Tacoma’s winters are open, the grass is green and flowers bloom out of doors every month in the year. Last winter the temperature fell below the freezing point (32° above zero, Fahrenheit), on one day in November, six days in December, three days in January, five days in February and eight days in March. The minimum temperature on the coldest day in November was 28° above zero; in December, 29°; in January, 26°; in February, 23°; and in March, 29°. It would be more accurate to speak of the “winter” months as the “rainy season,” for one-half of the annual precipitation, which amounted to 45.11 inches in 1903, an amount slightly above the average rainfall, fell during the three months of January, November and December. Tacoma has little snow and no ice. Cyclones or furious winds, in this peculiarly sheltered region between the Olympics and the Cascades, are unknown.
Tacoma’s summer climate is equally free from extremes. The temperature rarely rises to 80° Fahrenheit on summer afternoons. In the summer of 1903, for example, the mercury rose to 80° on only three days in June, two days in July, once in August and once in September. The nights are always cool, the days bright and balmy. Thunder and lightning are exceedingly rare occurrences. Nowhere in the world is the climate more conducive to health, longevity, exhilaration of mind and body, and to the production of flowers, fruits, forests and crops in greater abundance and variety.
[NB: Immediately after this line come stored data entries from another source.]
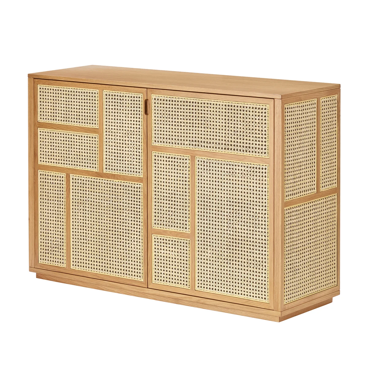 Le Air Sideboard est un design de Mathieu Gustafsson pour le label suédois Design House Stockholm . Le designer aux racines suédoises et françaises a réussi à créer un mélange spécial des deux cultures avec le design unique du buffet aéré. Des matières lumineuses et naturelles sont ici associées à une touche d'élégance. Air est une unité de stockage qui est faite d'une construction de cadre ordonnée et graphique en combinaison avec des murs faits d'une canne traditionnelle et transmet ainsi une sensation particulière de légèreté et de transparence.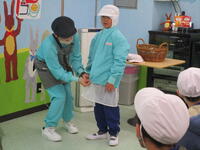 真岡第二給食センターから栄養教諭の神先生と3名の調理員の方々に来校いただきました。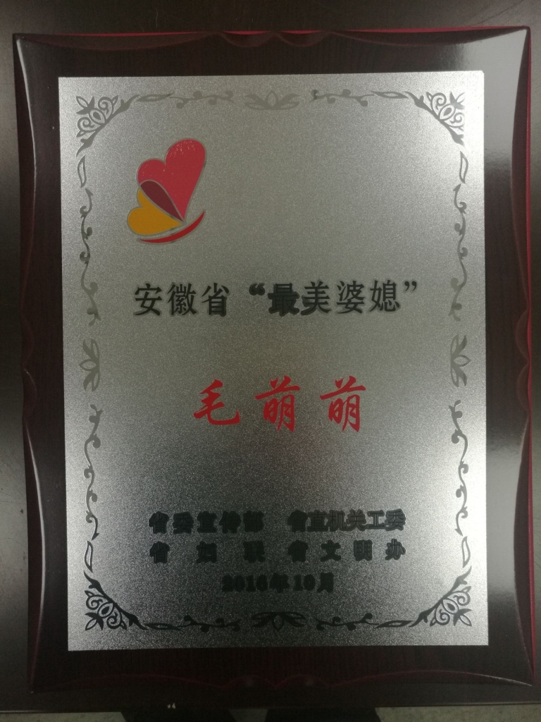 毛萌萌是我公司西北分公司員工柴琳家屬,因為丈夫長期在項目工作,聚少離多的現實情況讓她毅然選擇放棄心愛的教師工作,回家照顧年邁的父母和年幼的孩子,盡全力減輕丈夫的壓力,解決他的后顧之憂,幫助他更好的投入到工作中去,在生活中她勤儉持家,尊老愛幼,吃苦耐勞,任勞任怨,她熱愛家庭,無私奉獻的行為得到了大家的一致好評。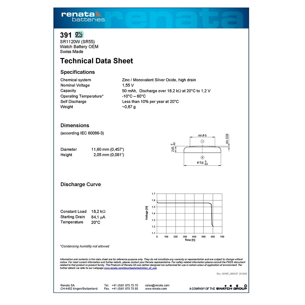 Серебряно-оксидные батарейки Renata 391 (SR1120W) используются в часах и других электронных устройствах. Отличаются высоким качеством и надежностью. Цена указана за 10 батареек.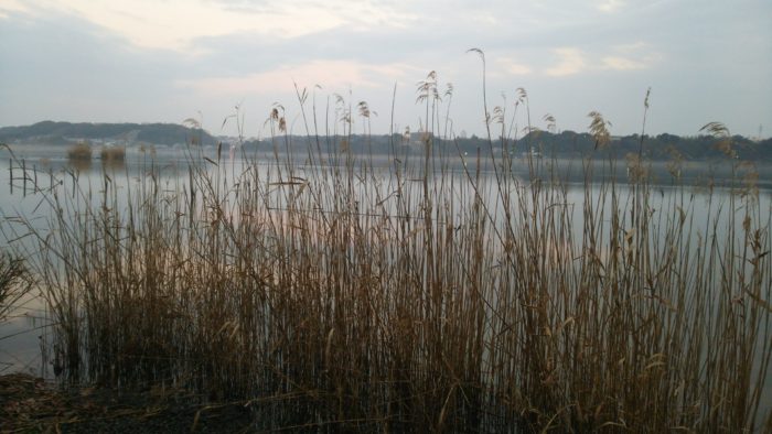 岸辺の芦原。汚くて昔は岸壁に魚の死骸などが浮かんでいたような湖でしたが最近は綺麗になってきたようです。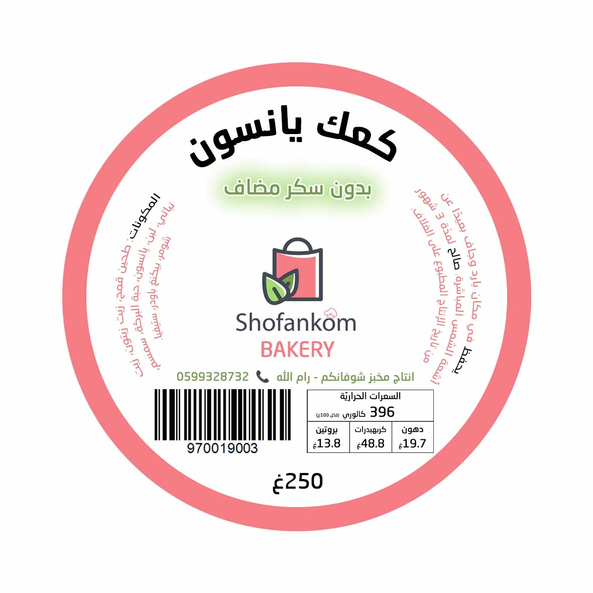 شوفانكم، كعك اليانسون بدون سكر 250غ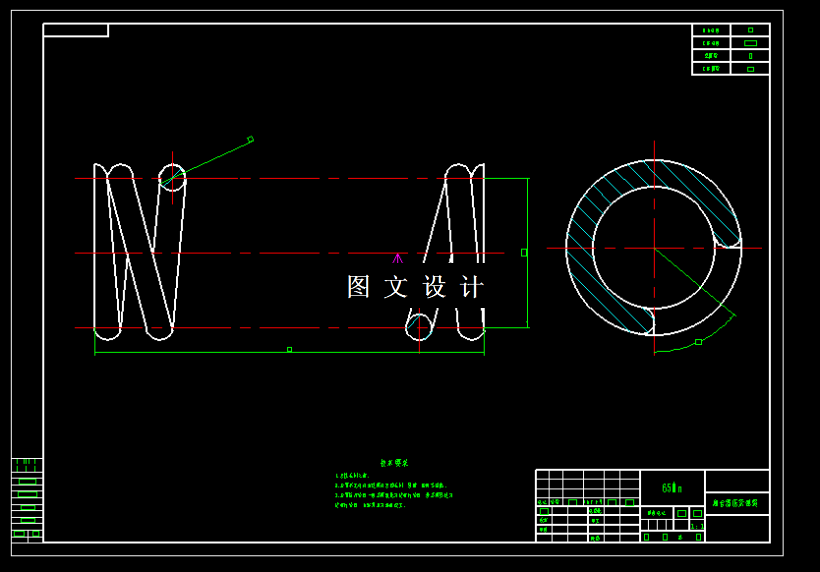 本次设计的圆柱弹簧离合器的摩擦片参数为外径D=225mm;内径d=150mm;片厚h=3.5mm;圆柱弹簧的参数为弹簧有效工作圈数n=6.5圈; 簧丝直径d=4mm; 单个簧最小重量 wmin=0.538KN。从动毂参数为外径De=250mm;Temax=200N.m;花键齿数n=10;花键外径D=35mm;花键内径d=28;键齿b=4mm; 有效齿长l=35mm。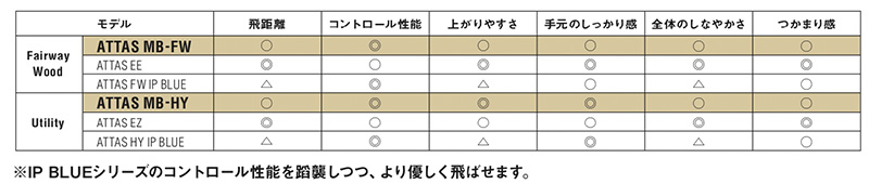 東レの新素材「トレカ(R)M40X」をシャフト先端部に採用することでインパクト時に適正なロフトをキープし、高弾道を実現。アッタス MB-FWは、クセのない全体しなりでコントロール性能を重視しつつ、スピード感と振り抜きの良さを高め、アッタス MB-HYは、先端剛性を保ちつつ「トレカ(R)M40X」が強い弾きを生み出し、高弾道と振り抜きの良さを実現した次世代モデルとなっている。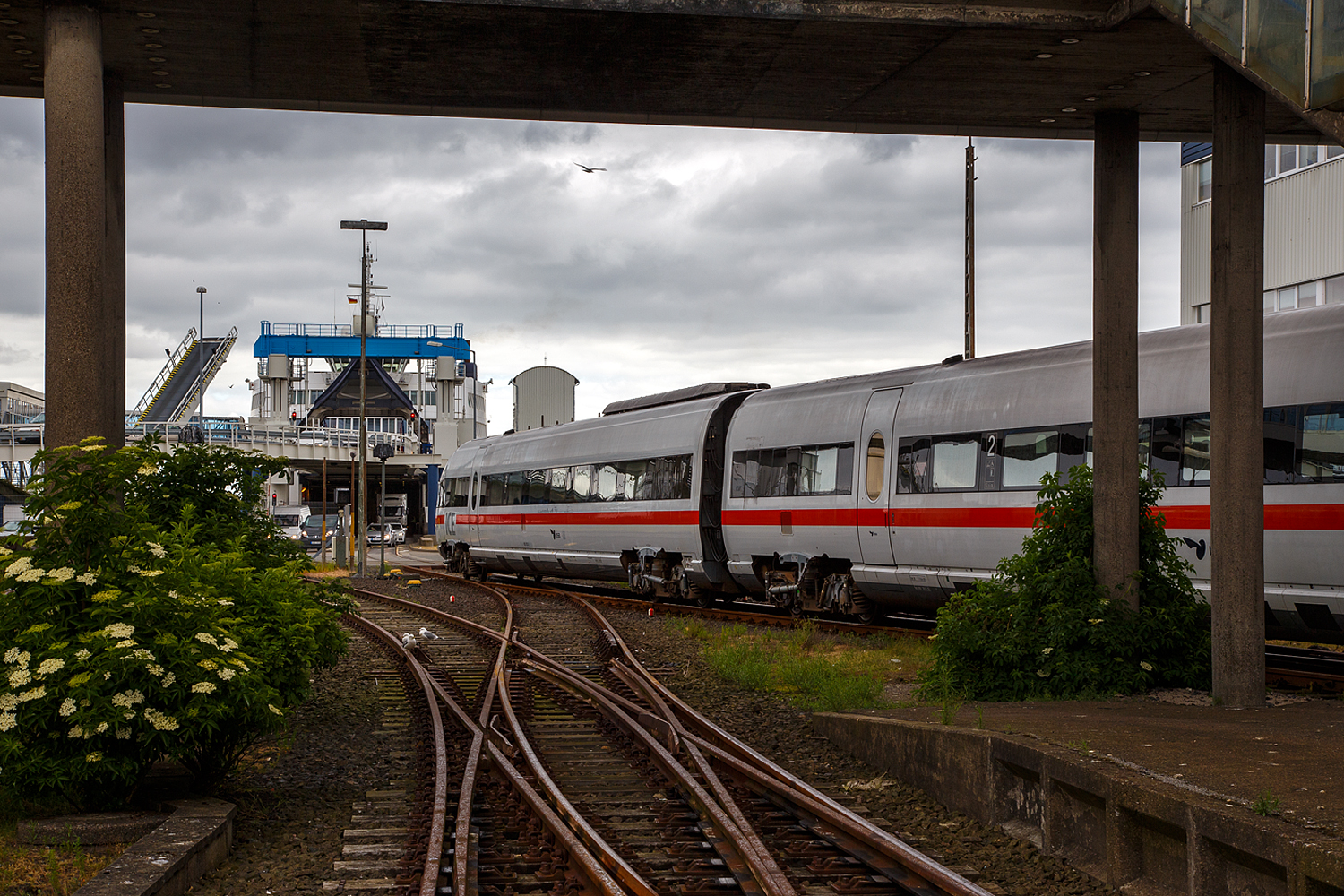 Der ICE TD bzw. VT 605, Tz 5503 hat am 15 Juni 2015, als ICE 33 (Hamburg Hbf - Koebenhavn H), den Fährbahnhof Puttgarten erreicht.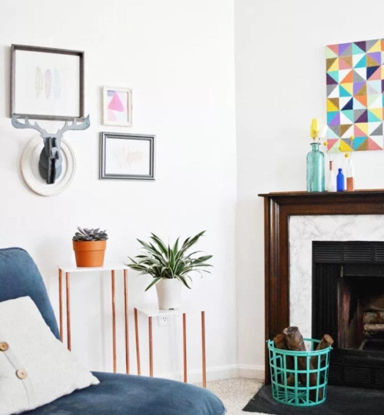 Those DIY plant stands boast marble tops and copper legs. They glamorize the living room in a split second, while the fireplace elicits a sense of intimacy.

Tacoma is one of the healthiest cities in the world. The number of deaths during the last census year was 425, indicating an annual death rate of 11.3 per 1,000, which is fully one-third less than the average annual death rate for the United States, 17.4 per 1,000, and almost the lowest reported from any one of the registration cities of the country. Since 1900 the death rate at Tacoma has decreased. The total number of deaths for twelve months ending June 30, 1904, was 520. The population of the city has increased 60 per cent. since the last federal census was taken and the annual death rate does not now exceed 8.67 per 1,000. Tacoma may fairly claim to be the healthiest city in the world.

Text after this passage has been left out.